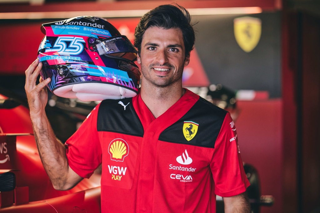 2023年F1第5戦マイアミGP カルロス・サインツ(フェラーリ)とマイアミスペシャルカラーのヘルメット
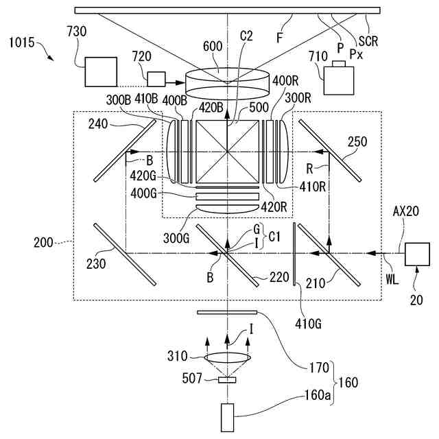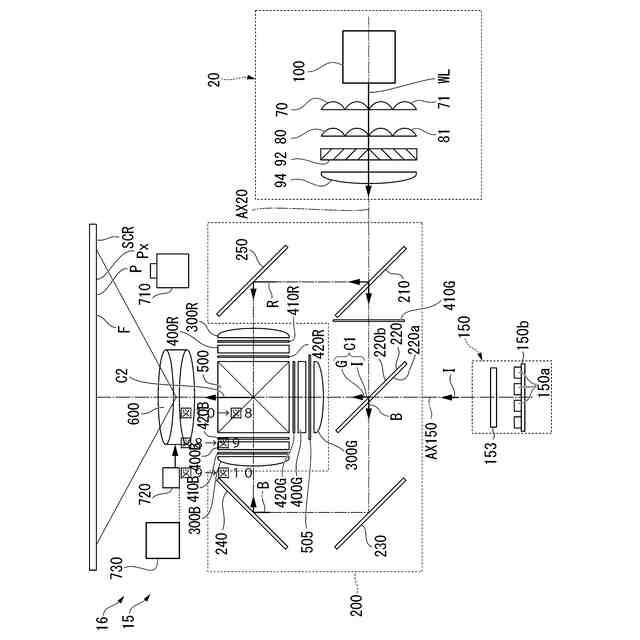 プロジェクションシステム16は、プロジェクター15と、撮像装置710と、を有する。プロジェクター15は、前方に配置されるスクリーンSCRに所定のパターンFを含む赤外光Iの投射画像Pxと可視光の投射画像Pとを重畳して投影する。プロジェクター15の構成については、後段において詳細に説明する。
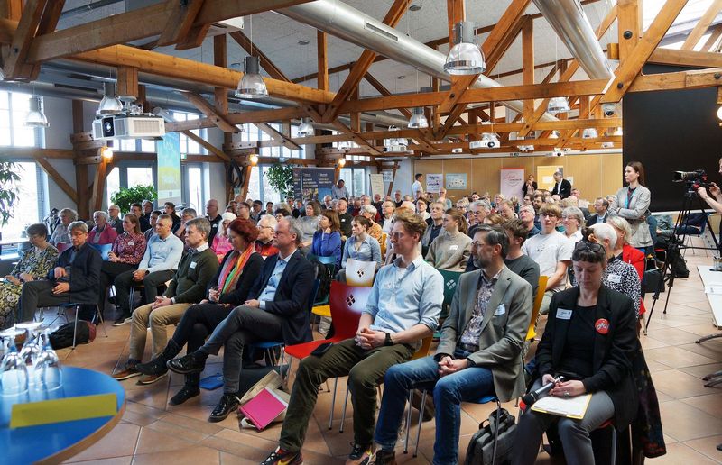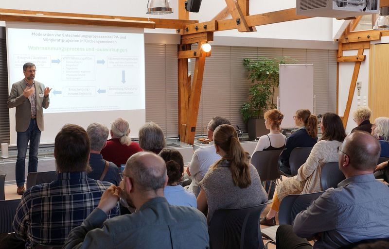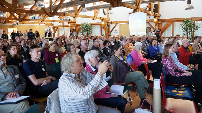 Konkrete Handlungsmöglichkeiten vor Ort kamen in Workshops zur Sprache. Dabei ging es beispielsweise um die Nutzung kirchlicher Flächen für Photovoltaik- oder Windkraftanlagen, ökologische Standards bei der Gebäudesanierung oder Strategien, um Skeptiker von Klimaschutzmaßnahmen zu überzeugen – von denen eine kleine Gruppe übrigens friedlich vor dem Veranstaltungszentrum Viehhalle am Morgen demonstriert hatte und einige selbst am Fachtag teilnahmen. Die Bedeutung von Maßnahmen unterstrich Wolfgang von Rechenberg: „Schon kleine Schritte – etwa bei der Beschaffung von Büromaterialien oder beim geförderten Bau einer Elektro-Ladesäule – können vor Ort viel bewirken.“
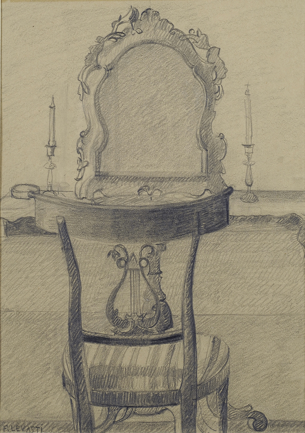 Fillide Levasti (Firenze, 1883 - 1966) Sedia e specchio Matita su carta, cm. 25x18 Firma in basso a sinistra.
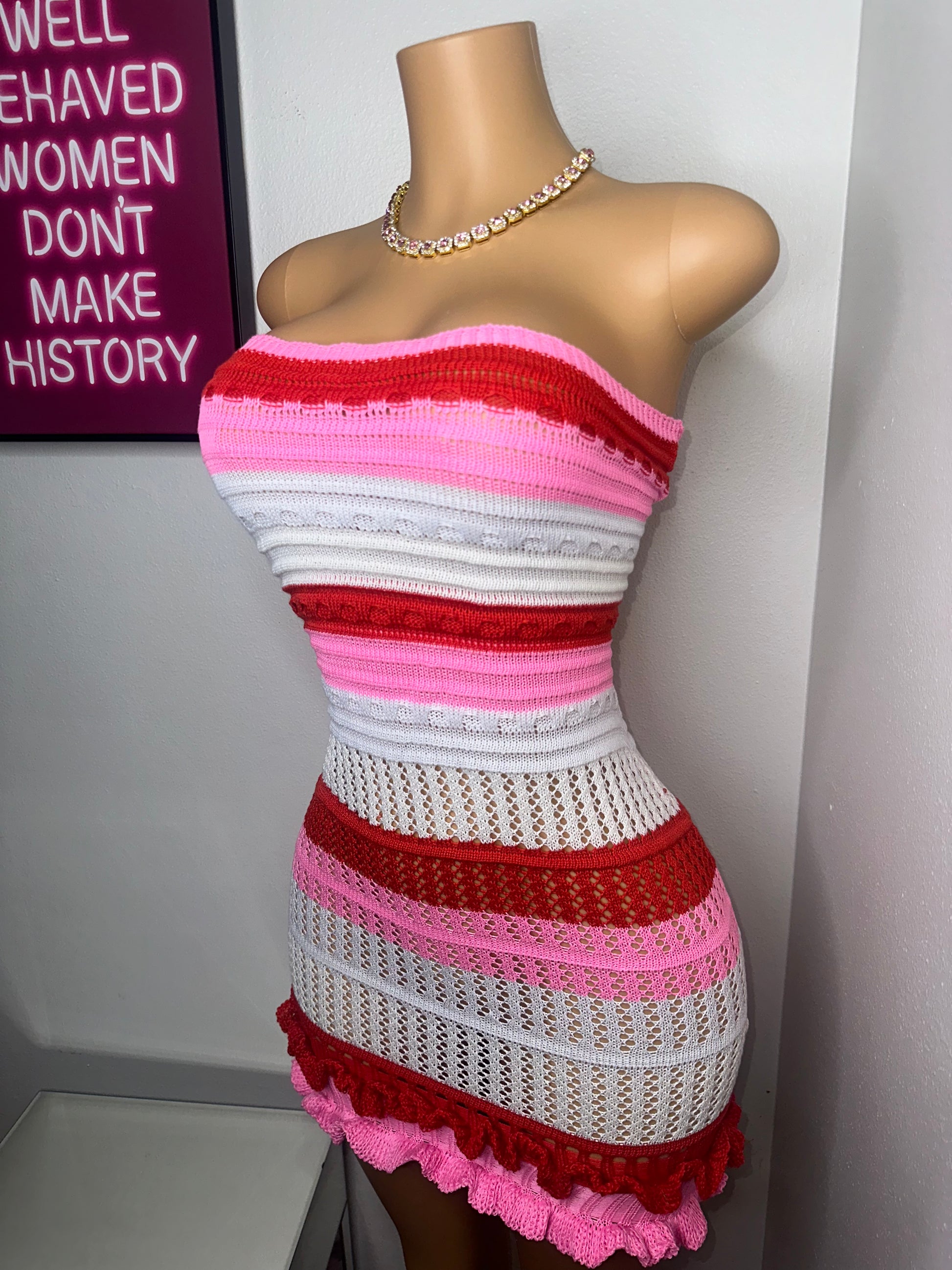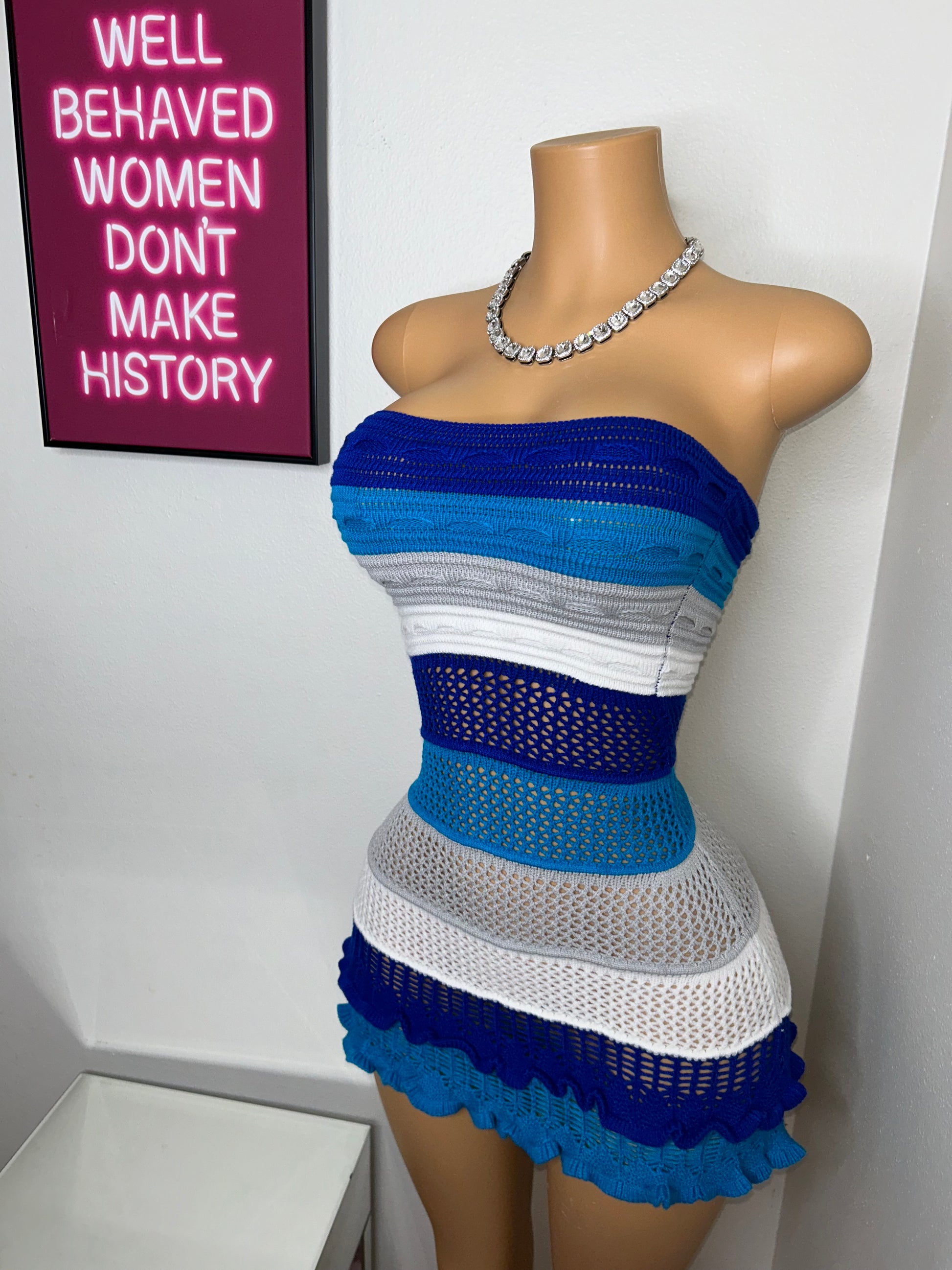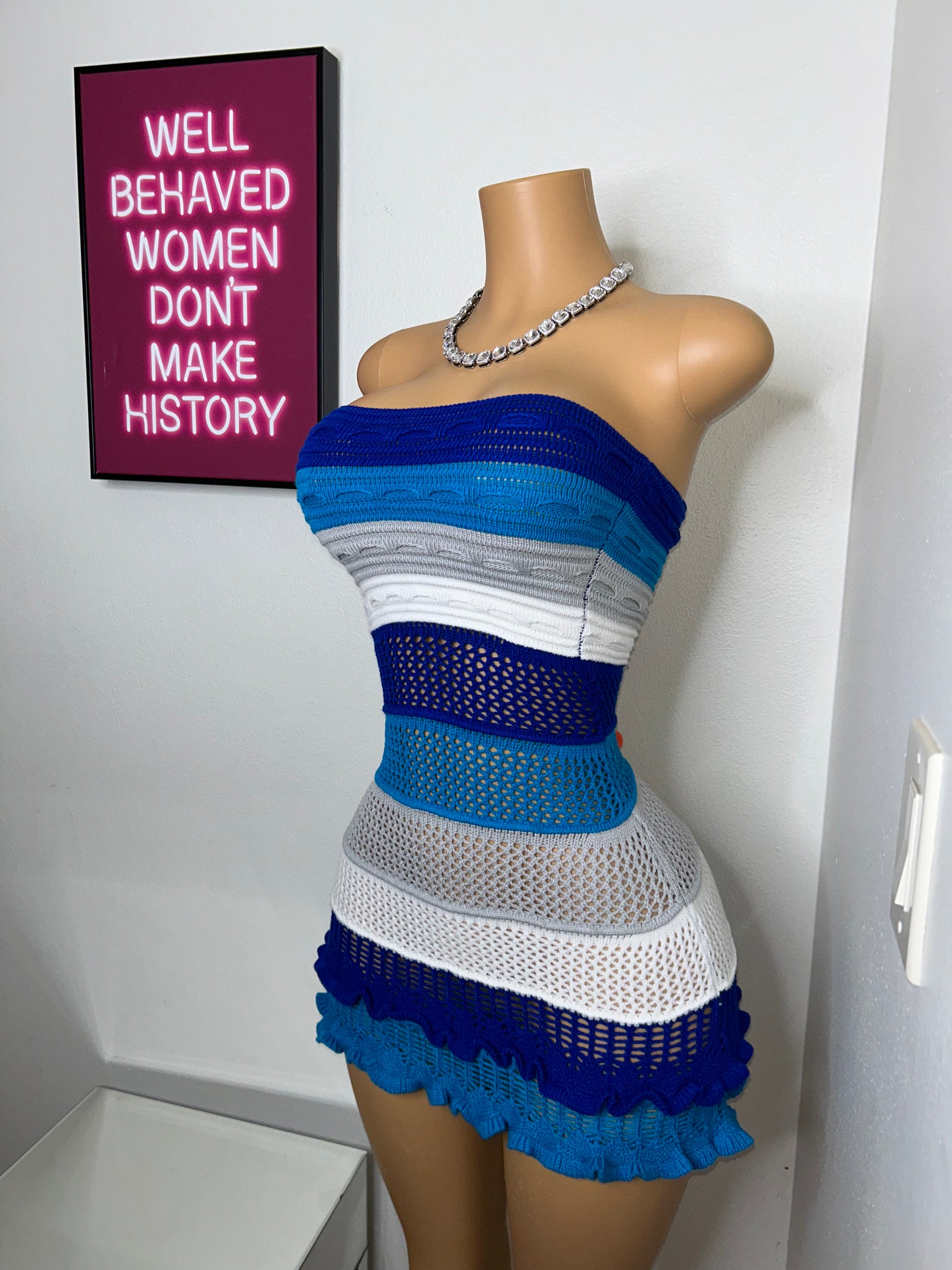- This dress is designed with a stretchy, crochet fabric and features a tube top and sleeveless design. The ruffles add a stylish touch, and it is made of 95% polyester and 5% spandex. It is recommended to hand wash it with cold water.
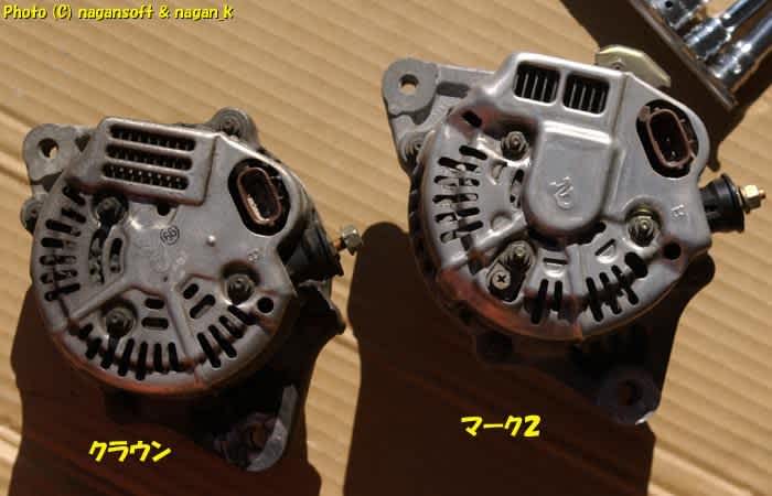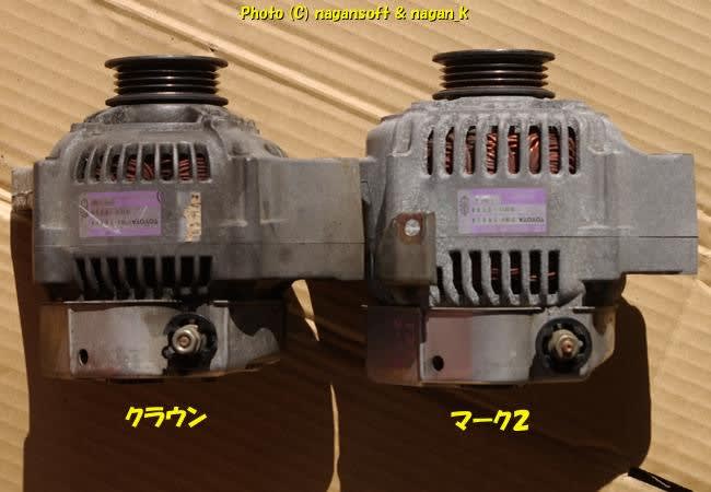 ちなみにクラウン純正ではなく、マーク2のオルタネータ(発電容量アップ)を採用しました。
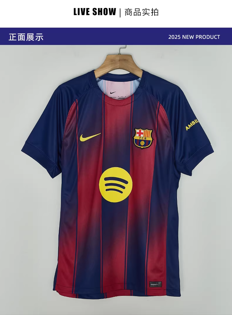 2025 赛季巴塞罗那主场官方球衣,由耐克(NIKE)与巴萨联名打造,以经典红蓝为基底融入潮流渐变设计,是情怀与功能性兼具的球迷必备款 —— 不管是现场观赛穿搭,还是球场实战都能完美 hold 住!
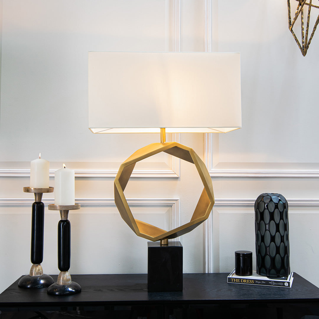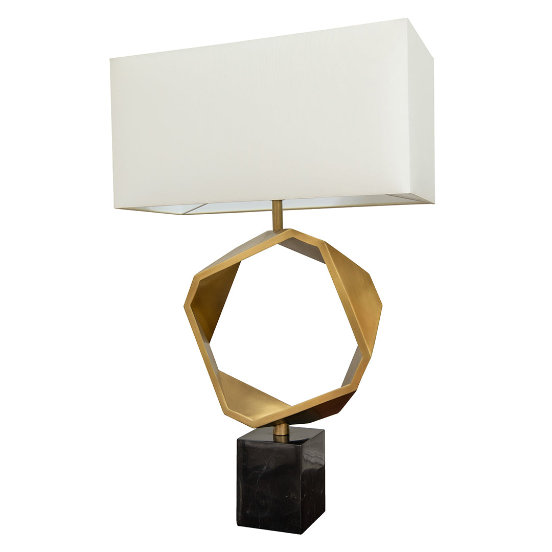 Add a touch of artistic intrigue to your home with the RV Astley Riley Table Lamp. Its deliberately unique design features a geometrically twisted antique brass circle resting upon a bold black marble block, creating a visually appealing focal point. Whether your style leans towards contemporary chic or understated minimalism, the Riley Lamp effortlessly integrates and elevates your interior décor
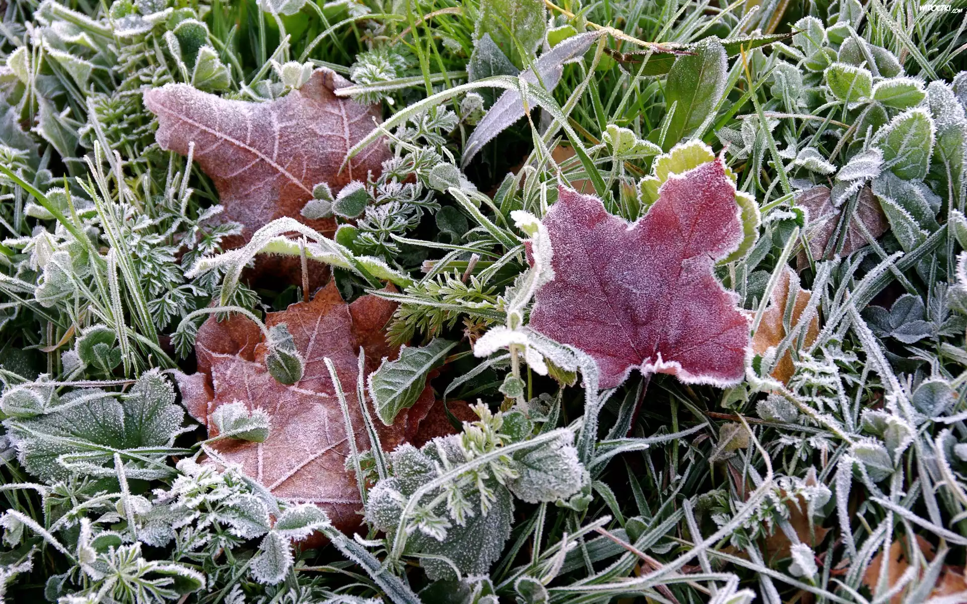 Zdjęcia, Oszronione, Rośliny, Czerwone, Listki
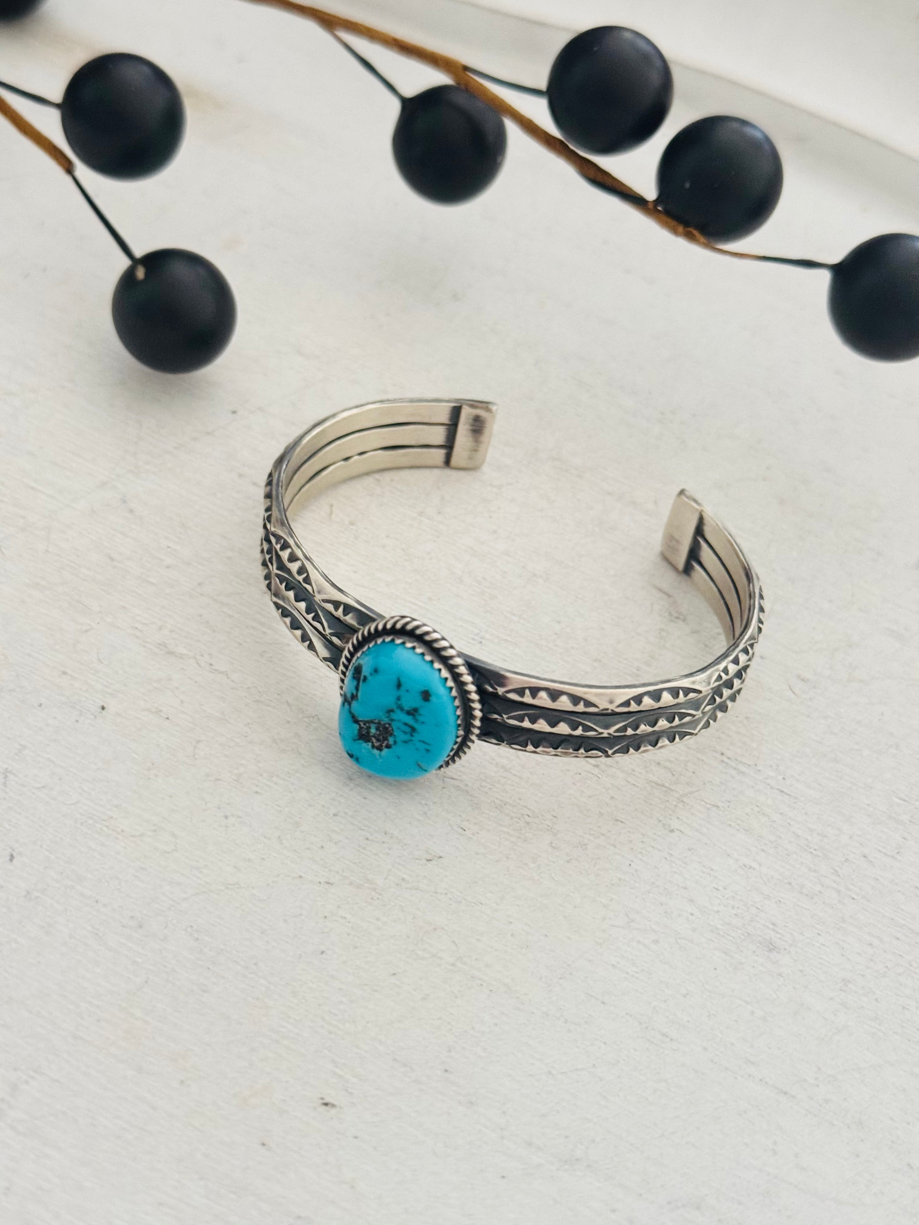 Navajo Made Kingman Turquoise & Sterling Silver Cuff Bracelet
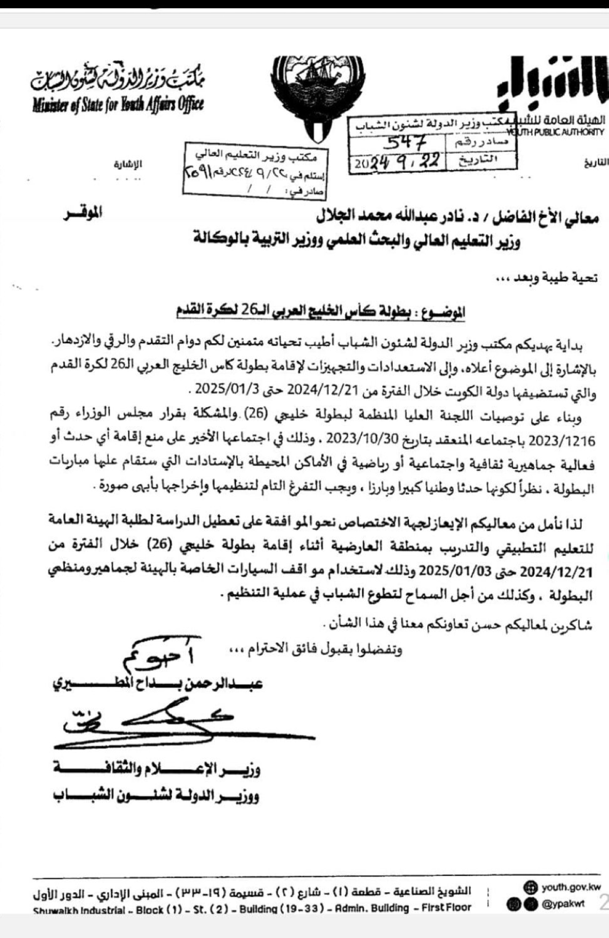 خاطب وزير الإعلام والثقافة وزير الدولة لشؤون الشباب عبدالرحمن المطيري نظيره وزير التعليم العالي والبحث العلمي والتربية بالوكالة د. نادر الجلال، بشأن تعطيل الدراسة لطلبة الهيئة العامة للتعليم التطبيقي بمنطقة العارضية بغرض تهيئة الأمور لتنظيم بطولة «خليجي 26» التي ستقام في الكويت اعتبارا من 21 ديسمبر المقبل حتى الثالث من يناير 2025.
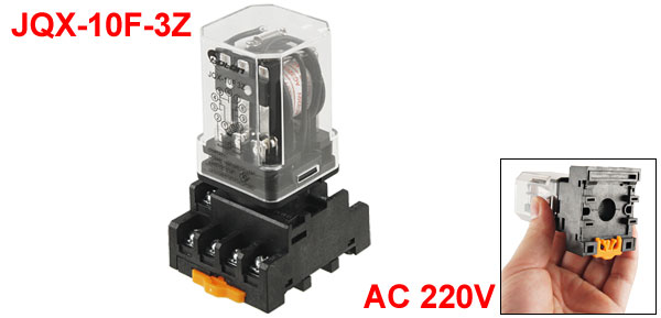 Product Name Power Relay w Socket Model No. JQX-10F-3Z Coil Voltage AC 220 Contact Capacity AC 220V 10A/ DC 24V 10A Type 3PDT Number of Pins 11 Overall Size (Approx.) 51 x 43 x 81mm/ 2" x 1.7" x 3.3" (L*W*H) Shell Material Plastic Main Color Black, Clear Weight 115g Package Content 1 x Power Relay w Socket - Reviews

= = = = =

WHAT THIS TASK INVOLVES: Reproduce all of the material above word for word. Omit the pictures.

WRITTEN REPLY:
 2023年F1第5戦マイアミGP カルロス・サインツ(フェラーリ)とマイアミスペシャルカラーのヘルメット
 プロジェクションシステム16は、プロジェクター15と、撮像装置710と、を有する。プロジェクター15は、前方に配置されるスクリーンSCRに所定のパターンFを含む赤外光Iの投射画像Pxと可視光の投射画像Pとを重畳して投影する。プロジェクター15の構成については、後段において詳細に説明する。
 Konkrete Handlungsmöglichkeiten vor Ort kamen in Workshops zur Sprache. Dabei ging es beispielsweise um die Nutzung kirchlicher Flächen für Photovoltaik- oder Windkraftanlagen, ökologische Standards bei der Gebäudesanierung oder Strategien, um Skeptiker von Klimaschutzmaßnahmen zu überzeugen – von denen eine kleine Gruppe übrigens friedlich vor dem Veranstaltungszentrum Viehhalle am Morgen demonstriert hatte und einige selbst am Fachtag teilnahmen. Die Bedeutung von Maßnahmen unterstrich Wolfgang von Rechenberg: „Schon kleine Schritte – etwa bei der Beschaffung von Büromaterialien oder beim geförderten Bau einer Elektro-Ladesäule – können vor Ort viel bewirken.“
 Fillide Levasti (Firenze, 1883 - 1966) Sedia e specchio Matita su carta, cm. 25x18 Firma in basso a sinistra.
- This dress is designed with a stretchy, crochet fabric and features a tube top and sleeveless design. The ruffles add a stylish touch, and it is made of 95% polyester and 5% spandex. It is recommended to hand wash it with cold water.
 ちなみにクラウン純正ではなく、マーク2のオルタネータ(発電容量アップ)を採用しました。
 2025 赛季巴塞罗那主场官方球衣,由耐克(NIKE)与巴萨联名打造,以经典红蓝为基底融入潮流渐变设计,是情怀与功能性兼具的球迷必备款 —— 不管是现场观赛穿搭,还是球场实战都能完美 hold 住!
 Add a touch of artistic intrigue to your home with the RV Astley Riley Table Lamp. Its deliberately unique design features a geometrically twisted antique brass circle resting upon a bold black marble block, creating a visually appealing focal point. Whether your style leans towards contemporary chic or understated minimalism, the Riley Lamp effortlessly integrates and elevates your interior décor
 Zdjęcia, Oszronione, Rośliny, Czerwone, Listki
 Navajo Made Kingman Turquoise & Sterling Silver Cuff Bracelet
 خاطب وزير الإعلام والثقافة وزير الدولة لشؤون الشباب عبدالرحمن المطيري نظيره وزير التعليم العالي والبحث العلمي والتربية بالوكالة د. نادر الجلال، بشأن تعطيل الدراسة لطلبة الهيئة العامة للتعليم التطبيقي بمنطقة العارضية بغرض تهيئة الأمور لتنظيم بطولة «خليجي 26» التي ستقام في الكويت اعتبارا من 21 ديسمبر المقبل حتى الثالث من يناير 2025.
 Product Name Power Relay w Socket Model No. JQX-10F-3Z Coil Voltage AC 220 Contact Capacity AC 220V 10A/ DC 24V 10A Type 3PDT Number of Pins 11 Overall Size (Approx.) 51 x 43 x 81mm/ 2" x 1.7" x 3.3" (L*W*H) Shell Material Plastic Main Color Black, Clear Weight 115g Package Content 1 x Power Relay w Socket - Reviews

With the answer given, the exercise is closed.